Libya denies any plans to take over French oil refinery

The Libyan Investment Authority (LIA) on Monday flatly denied it is planning to take over Petroplus Petit Couronne, a French oil refinery which is currently in bankruptcy proceedings.
“The LIA has denied the news circulated by some media and on the internet about its intention to buy an old refinery in France,” reported the Libyan media quoting a LIA statement.
The news is not true, said the sovereign fund adding that it has not even started a feasibility study nor considered the profitability of an investment in the refinery.
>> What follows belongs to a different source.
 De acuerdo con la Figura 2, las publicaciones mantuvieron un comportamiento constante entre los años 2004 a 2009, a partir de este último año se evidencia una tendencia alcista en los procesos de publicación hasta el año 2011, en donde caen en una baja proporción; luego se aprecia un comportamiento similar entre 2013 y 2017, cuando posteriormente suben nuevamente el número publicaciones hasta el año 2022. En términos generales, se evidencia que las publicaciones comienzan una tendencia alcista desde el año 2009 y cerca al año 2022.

LIA insisted it would only invest in profitable projects that serve the interests of the country.
The French industry Minister, Arnaud Montebourg, announced early November that the LIA informed him it was interested in examining the possibility of investing in the refinery.
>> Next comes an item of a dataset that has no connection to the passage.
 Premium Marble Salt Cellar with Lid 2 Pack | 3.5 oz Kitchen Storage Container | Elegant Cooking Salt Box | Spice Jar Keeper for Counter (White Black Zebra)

The news about the would-be investment in a bankrupt refinery was sharply criticized by Libyan media and created a buzz on Facebook.
The refinery, which employs 470 employees, had filed for bankruptcy on January 24 following the bankruptcy of its parent company in Switzerland.
Dubai-based NetOil and Hong Kong-based Alafandi Petroleum Group proposed to take over the refinery but the two bids were rejected.
The liquidation date initially set for November 5 has been postponed to February 5.
The refinery, located near Rouen, north-western France, was created by Shell in 1929. It was purchased by Petroplus in 2008.
The LIA is a Libyan government organization established in 2006 to manage the value of Libya’s oil revenues and to diversify the dependence of national income. It is a holding company that manages investment funds of the government coming from the oil and gas industry in various areas of the international finance market.